Friday, August 27, 2010

Pop History Moment: The Assassination of Mountbatten

A sunny day, a silver sea... And then the sound - so sharp it seemed to rend both the loveliness of the day and the Shadow V with equal callousness. Once the smoke had cleared off Mullaghmore - on this day in 1979 - three were dead and four were seriously wounded; a day later and the numbers had reversed. Thomas McMahon and 50 pounds of IRA mortar had done their worst.

Photo Sharing and Video Hosting at PhotobucketIn the end, her cousin Louis Mountbatten, 1st Earl Mountbatten of Burma - 'Dickie' to his friends - was the closest Ireland's homegrown terrorists could get to the Queen; mourned as the father he'd never had by both her husband the Duke of Edinburgh and her son and heir the Prince of Wales the Royal Family, upper lips stiff as sailcloth, kept its course.

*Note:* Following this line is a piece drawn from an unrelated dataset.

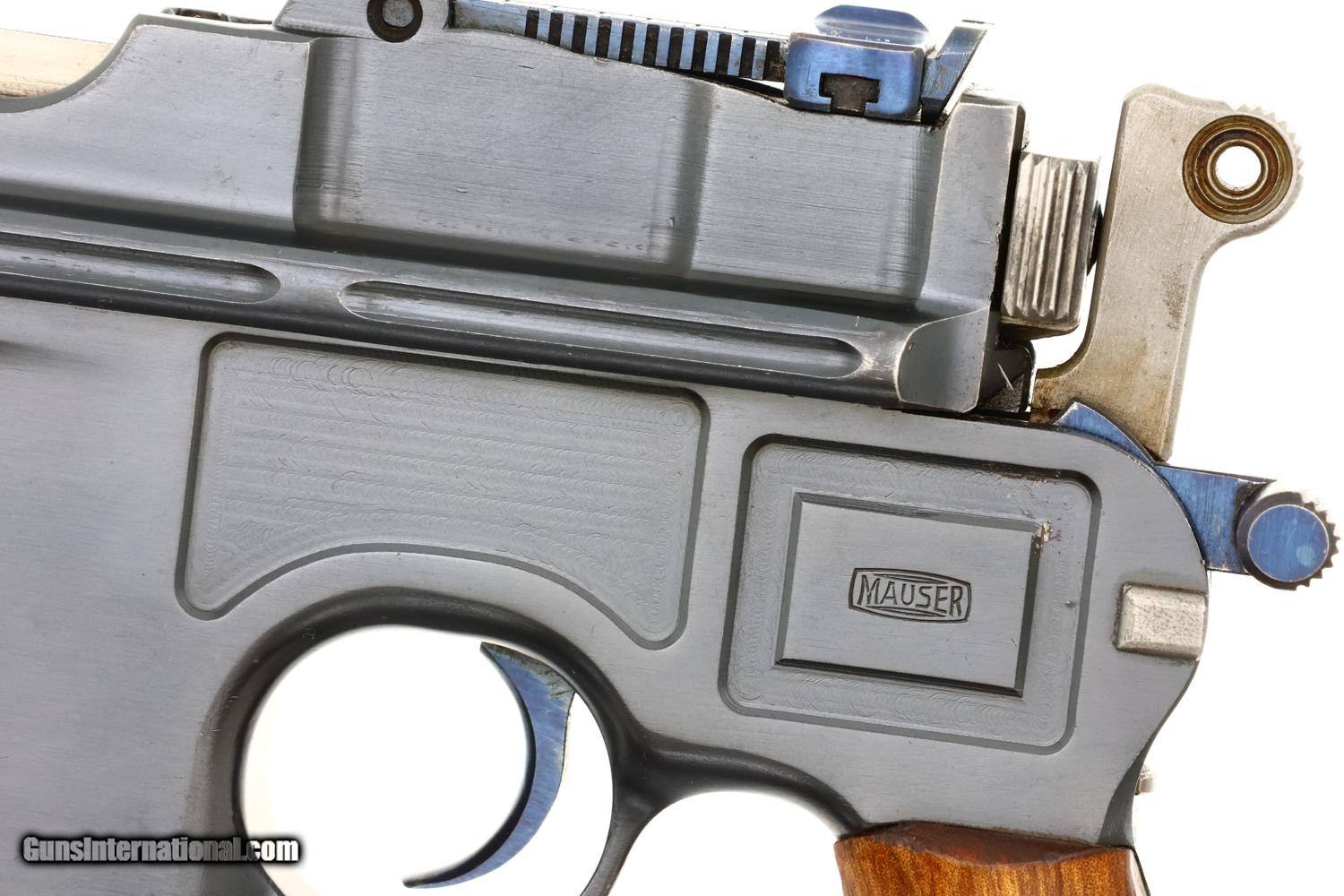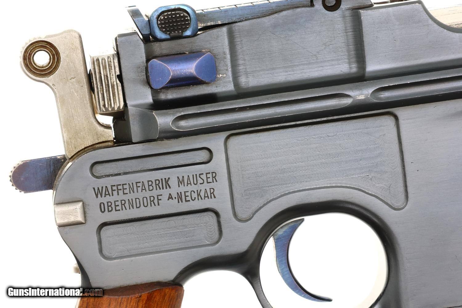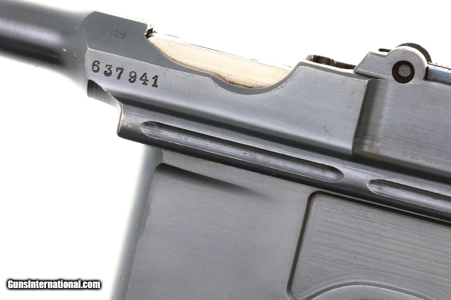 Phenomenal, all original, Mauser C96 Post War Mauser Banner Bolo, all matching serial numbers. Cal: 7.63mm. Standard configuration C96 Mauser Banner Bolo with rust blue finish having 3.9? barrel, slip-in 50-1000 meter tangent rear sight, small extractor, and small ring hammer. Three line “WAFFENFABRIK MAUSER OBERNDORF” address on top of chamber. Crown/C/U proofing on left chamber flat. Full SN: "637941" on left side of barrel extension. Left side of frame with narrow Mauser Banner. Usual two line address on right side of frame. Serrated walnut grips with matching serial number under both grip panels. Original lanyard ring that swivels side-to-side. SN: 637941 places this pistol within the documented Post War Bolo production range of approximately 440,000-793,350, manufactured from the early 1920s through 1930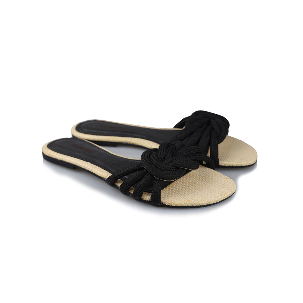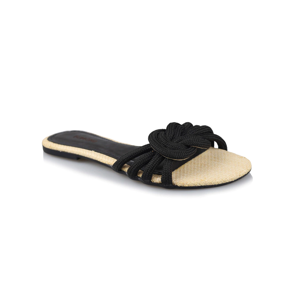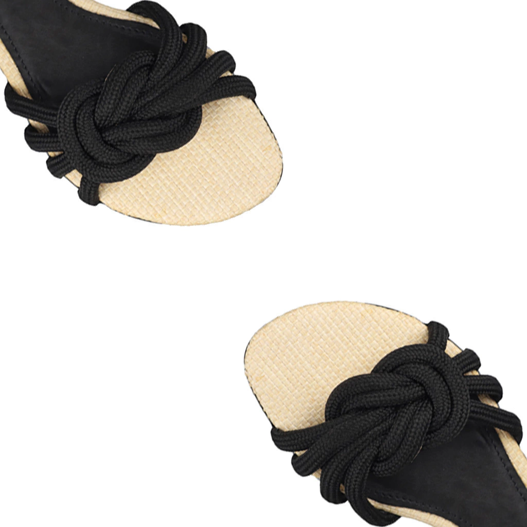 As sandálias possuem um design descontraído e contemporâneo, com tiras em preto que se entrelaçam de forma elegante. A parte frontal conta com um detalhe em formato de nó, feito de corda, que adiciona um toque de estilo. O solado é em tom claro, imitando palha, que aporta um contraste interessante e um aspecto leve. Com um formato aberto e sem salto, essas sandálias são perfeitas para dias quentes e ocasiões informais, garantindo conforto e um visual moderno.

Also killed in the blast was a teenaged boat boy named Paul Maxwell, as well as one of Mountbatten's twin grandsons, Nicholas Knatchbull, and the Dowager Baroness Brabourne - Mountbatten's daughter's elderly mother-in-law, who died the following day. At the same time it was assassinating Mountbatten the IRA was carrying out what has come to be known as the Warrenpoint Ambush, during which eighteen British soldiers from the Parachute Regiment were killed.

England may have lost one of her most decorated statesmen that day, but she also gained a legend - a knight, fallen on the field of battle, one of the first to occur not at some distant remove of history but in an entirely modern context; that he had fallen at sea served only to make the tale more quintessentially English. A memorial service for Mountbatten - held at Dublin's St. Patrick's Cathedral - was attended by Ireland's President, Patrick Hillery, and Taoiseach, Jack Lynch; his state funeral, meanwhile, was held at Westminster Abbey, and he was later interred at Romsey Abbey.